Fixing Missing/ Misaligned X-Tick Labels in Matplotlib Dual-Axis Chart

I get it—dealing with wonky tick labels in dual-axis plots can be frustrating. Let’s break down what’s going wrong and fix it step by step:

Key Issues & Fixes

  • Missing labels: You’re setting tick labels without first defining exactly where the ticks should go. Matplotlib defaults to sparse ticks if you don’t specify positions, so only a subset of your defect names get displayed.
  • Misaligned positions: Without explicit tick positions, labels end up offset from their corresponding bars.
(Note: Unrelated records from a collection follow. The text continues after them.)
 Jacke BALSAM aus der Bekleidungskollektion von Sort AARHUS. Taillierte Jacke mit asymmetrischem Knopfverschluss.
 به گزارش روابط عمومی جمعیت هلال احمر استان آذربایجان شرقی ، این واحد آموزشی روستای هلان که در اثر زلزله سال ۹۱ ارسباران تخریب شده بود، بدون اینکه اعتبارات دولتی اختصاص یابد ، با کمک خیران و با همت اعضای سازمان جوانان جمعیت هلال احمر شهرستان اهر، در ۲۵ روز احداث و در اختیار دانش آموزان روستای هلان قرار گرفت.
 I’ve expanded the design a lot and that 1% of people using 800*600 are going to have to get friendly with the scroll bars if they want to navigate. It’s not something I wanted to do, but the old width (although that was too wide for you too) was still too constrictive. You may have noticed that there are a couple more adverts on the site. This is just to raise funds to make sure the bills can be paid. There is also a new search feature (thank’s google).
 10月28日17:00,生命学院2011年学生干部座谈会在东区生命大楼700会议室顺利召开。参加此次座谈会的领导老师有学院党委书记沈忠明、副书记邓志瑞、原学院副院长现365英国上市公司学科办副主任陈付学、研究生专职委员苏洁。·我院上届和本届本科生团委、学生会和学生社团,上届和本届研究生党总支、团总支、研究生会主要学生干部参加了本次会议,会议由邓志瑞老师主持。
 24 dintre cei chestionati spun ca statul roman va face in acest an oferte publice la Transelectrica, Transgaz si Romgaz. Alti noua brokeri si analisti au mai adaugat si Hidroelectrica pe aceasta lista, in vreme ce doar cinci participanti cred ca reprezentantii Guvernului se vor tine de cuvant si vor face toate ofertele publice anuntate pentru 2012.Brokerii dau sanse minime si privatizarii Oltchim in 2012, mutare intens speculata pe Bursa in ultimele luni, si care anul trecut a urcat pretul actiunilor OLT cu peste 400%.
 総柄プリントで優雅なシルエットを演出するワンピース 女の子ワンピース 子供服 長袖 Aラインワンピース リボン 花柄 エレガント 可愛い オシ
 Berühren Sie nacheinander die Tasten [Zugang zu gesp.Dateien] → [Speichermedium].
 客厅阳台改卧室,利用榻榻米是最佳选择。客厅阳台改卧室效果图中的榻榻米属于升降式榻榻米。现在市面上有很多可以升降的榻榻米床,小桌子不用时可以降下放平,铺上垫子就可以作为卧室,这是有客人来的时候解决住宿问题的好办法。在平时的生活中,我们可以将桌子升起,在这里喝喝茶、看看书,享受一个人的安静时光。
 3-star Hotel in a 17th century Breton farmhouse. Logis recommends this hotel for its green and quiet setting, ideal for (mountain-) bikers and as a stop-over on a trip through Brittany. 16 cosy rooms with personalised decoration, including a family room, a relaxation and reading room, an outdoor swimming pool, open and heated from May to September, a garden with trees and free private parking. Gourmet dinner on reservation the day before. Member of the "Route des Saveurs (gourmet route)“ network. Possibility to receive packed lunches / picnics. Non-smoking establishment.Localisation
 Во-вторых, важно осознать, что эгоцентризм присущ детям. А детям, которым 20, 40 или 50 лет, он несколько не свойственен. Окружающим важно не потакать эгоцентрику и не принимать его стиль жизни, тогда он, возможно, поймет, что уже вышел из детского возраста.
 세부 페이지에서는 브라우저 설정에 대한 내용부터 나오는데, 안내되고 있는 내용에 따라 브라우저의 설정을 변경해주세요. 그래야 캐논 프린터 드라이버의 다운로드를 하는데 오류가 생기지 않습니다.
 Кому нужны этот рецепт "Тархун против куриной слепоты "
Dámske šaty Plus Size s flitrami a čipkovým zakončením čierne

We need to lock ticks to every row in your DataFrame.
  • Label clipping/ mess: Rotating labels helps, but adding right alignment will keep them neat and prevent them from getting cut off by the figure edge.

Updated Working Code

Here’s your revised code with all fixes applied:

import matplotlib.pyplot as plt
from matplotlib.ticker import PercentFormatter

fig, ax1 = plt.subplots()
fig.set_figheight(7)
fig.set_figwidth(12)

# Bar plot on primary axis
ax1.bar(df.index, df['occurence of defects'], color="C0")
ax1.set_ylabel("Qty", color="C0")
ax1.tick_params(axis="y", colors="C0")
ax1.set_xlabel("Defect")

# Critical fix: Define tick positions first, then labels with alignment
ax1.set_xticks(df.index)  # Ensures one tick per defect in your DataFrame
ax1.set_xticklabels(df['Name of Defect'], rotation=45, ha='right')  # Right-align rotated labels for readability

# Line plot on secondary axis
ax2 = ax1.twinx()
ax2.plot(df.index, df["cum percentage"], color="C1", marker="D", ms=7)
ax2.yaxis.set_major_formatter(PercentFormatter())
ax2.tick_params(axis="y", colors="C1")

# Optional but helpful: Auto-adjust margins to avoid label clipping
plt.tight_layout()

plt.show()

What Changed?

  1. ax1.set_xticks(df.index): This forces Matplotlib to place a tick at every index position in your DataFrame, so every defect name gets a corresponding label.
  2. ha='right' in set_xticklabels(): Rotated labels now align to the right edge of their tick, making them look clean and centered above each bar.
  3. plt.tight_layout(): This automatically adjusts the plot’s margins to ensure all rotated labels fit without getting cut off.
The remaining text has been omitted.